Now let’s use the function to extract the status of EDMs on the 2023-03-09 at 10:52:24

Code
# test that the reconstructor works
edm__live_df <- readRDS("C:/Users/leoki/CODE/R-Home/shiny/openRivers/cacheOpenRivers/edm_df_2023-03-09.Rds")

target_dt <- get_download_date(edm__live_df)

# get results from historic
edm_status_at <- get_edm_status_at(this_df = edm_ss_events %>%
                                     bind_rows(edm_offline_events),
                                   historic_dt = lubridate::as_datetime(target_dt))

# THIS SHOULD RETURN NOTHING
edm__live_df %>%
  as_tibble() %>%
  filter(location_name %in% edm_status_at$location_name) %>%
  transmute(location_name, live_status = display_status) %>%
  left_join(
    edm_status_at %>%
      transmute(location_name, historic_status = display_status) 
  ) %>%
  filter(live_status != historic_status) %>%
  DT::datatable(filter = 'top')

The status of all but seven of the EDMs (7 in more than 400 EDMs is a match of about 98.5%) have matched by reconstructing the state of the EDMs at an arbitrary point in time at which the “live” data had been collected and cached.

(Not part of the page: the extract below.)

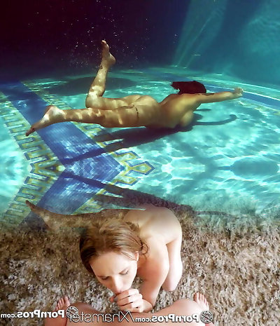 Blonde babe Okuneva shaved fuckbox underwater swimming

There’s still a couple of questions open to me at this point about what exactly is driving the seven differences but I’ll stop here. I’m not building any production solutions with this dataset and so I’m happy that my point about the value of reshaping historic data has been made. I’ll leave it as an exercise for the reader to dig further and debug. If I was to pursue this, my thoughts would be to explore:

  • whether the historic data and live data are compatible

  • whether I’ve chosen exactly the right date-time to rebuild the “live” data from the “historic” data

  • whether my interpretation of the historic data is correct (which might require access to subject matter expertise)

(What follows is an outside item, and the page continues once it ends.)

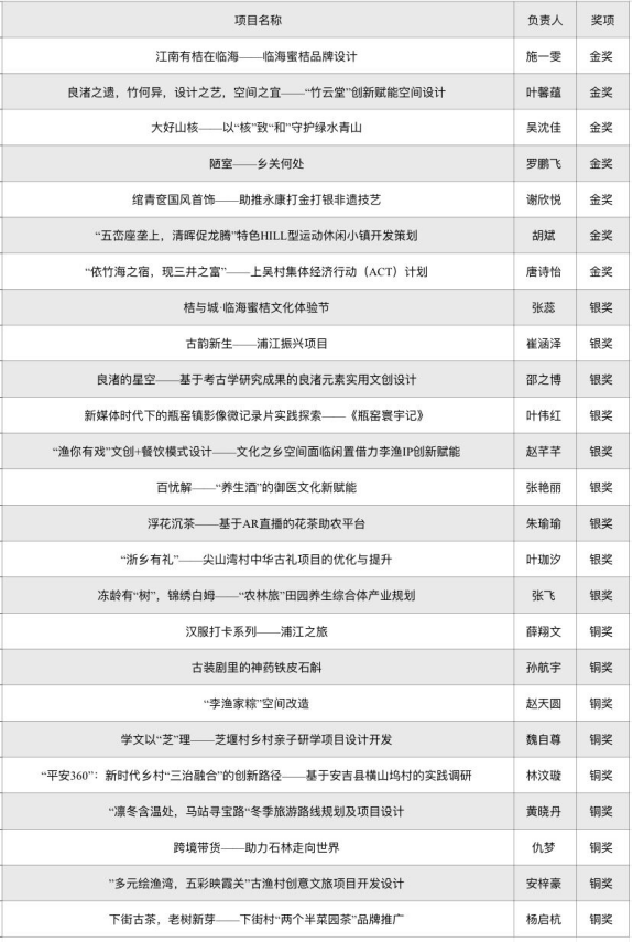 “农信杯”第三届浙江省老员工乡村振兴创意大赛为省级A类学科竞赛,本届大赛省内外85所高校参赛,共有1221个团队,15000余名师生参加,共评出金奖82项,银奖158项,铜奖191项。相比以往,今年的大赛更进一步强调了创新和落地,兰溪文化赋能空间专项赛、首届长三角老员工良渚文化创意专项赛、浦江·首届中国乡村直播专项赛、临海“金名片”文化创意专项赛等四个专项赛为当地乡村量身定做乡村振兴方案,坚持真题真做,深受当地政府和群众欢迎。

  • or whether I’ve simply left a bug somewhere in the code.

Use case 4: What is the total number of sites discharging each and every day

So far we’ve counted the number of events, and paired start/stop to allow discharge durations, and even back-calculated the state of every EDM at some point in time. It’s only a small step now to count the number of EDMs discharging each day.

Code
#| The following code creates a series of dates
event_by_day <- seq.Date(from = as.Date(min(edm_historic_df$date_time)),
                        to = as.Date(max(edm_historic_df$date_time)),
                        by = "day") %>%
  enframe(name = NULL, value = "dt") %>%
  select(dt) %>%
  # then left joins the events (left join means we'll keep every date 'dt')
  left_join(
    # we're ibnterestsed in both start/stop AND offline-start/offline-stop events
    edm_ss_events %>%
      bind_rows(edm_offline_events) %>%
      # slightly hacky,  but good enough for now...
      # near the begining there may be stopes without starts
      # near the end there may be starts that havent stopped yet
      # these cases have NA representing the missing datetimes
      # I'm forcing NA starts to be 2000-01-01 (before the first possible start)
      # and the NA ends to be after the last possible end of event_by_day
      mutate(date_time.start = coalesce(date_time.start, lubridate::as_datetime("2000-01-01 00:00:00")) ) %>%
      mutate(date_time.stop = coalesce(date_time.stop, lubridate::as_datetime("3000-01-01 00:00:00")) ) %>%
  #      filter(receiving_water_course == "River Thames") %>%
  mutate(isOffline = ifelse( str_detect(alert_type.start, "Offline") |
                               str_detect(alert_type.stop, "Offline"),
                             "offline", "discharging")) %>%
  select(location_name, isOffline, contains("date_time")),
by = join_by(dt >= date_time.start, dt <= date_time.stop), suffix = c(".this", ".that")
  ) %>%
  # # I want to plot watercourse
  # left_join(
  #   edm_historic_df %>%
  #     count(location_name, receiving_water_course) %>%
  #     select(-n)
  # ) %>%
  # count(receiving_water_course, dt, isOffline) %>%
  # pivot_wider(id_cols = c(receiving_water_course, dt), names_from = isOffline, values_from = n, values_fill = 0) %>%
  count(dt, isOffline) %>%
  pivot_wider(id_cols = c(dt), names_from = isOffline, values_from = n, values_fill = 0) %>%
  mutate(total = offline + discharging) %>%
  mutate(offline_pcnt = offline/ max(total)) %>%
  mutate(discharging_pcnt = discharging/ max(discharging))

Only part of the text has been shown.